‘Who struck the blow, woman? Who struck the blow?’

She shrank from me as though I had struck her.

‘I do not know; I do not know,’ she moaned.

But the question she dared not answer was to find an answer.

The stricken man opened his eyes, his lips moved, and he groaned, ‘Constantine! You, Constantine!’ The old woman’s eyes met mine for a moment and fell to the ground again.

‘Why, why, Constantine?’ moaned the wounded man. ‘I had yielded, I had yielded, Constantine. I would have sent them—’

His words ceased, his eyes closed, his lips met again, but met only to part. A moment later his jaw dropped. The old lord of Neopalia was dead.

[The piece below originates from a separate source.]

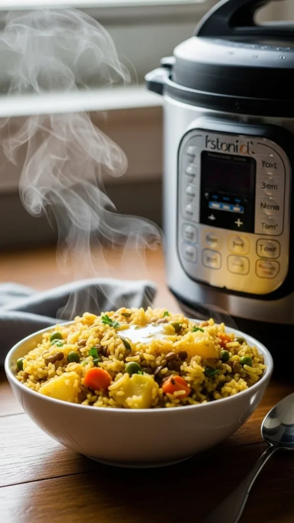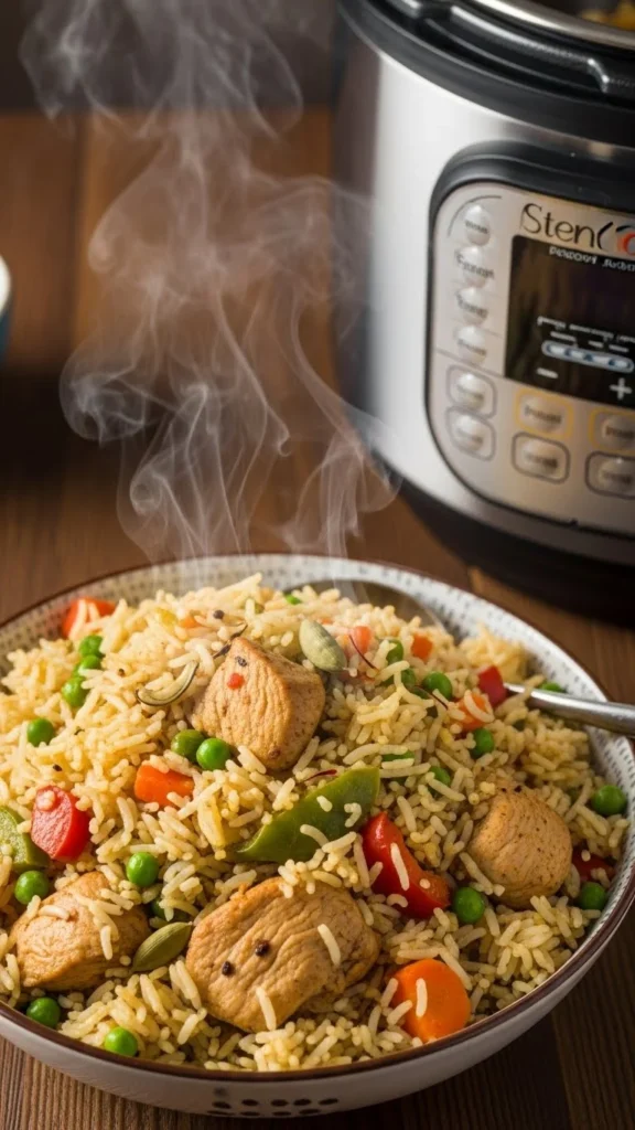 Pulao cooks evenly in the Instant Pot. Use small chicken pieces to save time. Frozen vegetables work fine. Measure water carefully to avoid soggy rice. This dish replaces takeout on busy nights. Leftovers reheat well. Add yogurt on the side if available.

Then I, carried away by anger and by hatred of the man who, for a reason I did not yet understand, had struck so foul a blow against his kinsman and an old man, did a thing so rash that it seems to me now, when I consider it in the cold light of memory, a mad deed. Yet then I could do nothing else; and Denny’s face, ay, and the eyes of the others too told me that they were with me.

‘Compose this old man’s body,’ I said, ‘and we will watch it. But do you go and tell this Constantine Stefanopoulos that I know his crime, that I know who struck that blow, that what I know all men shall know, and that I will not rest day or night until he has paid the penalty of this murder. Tell him I swore this on the honour of an English gentleman.’

‘And say I swore it too!’ cried Denny; and Hogvardt and Watkins, not making bold to speak, ranged up close to me; I knew that they also meant what I meant.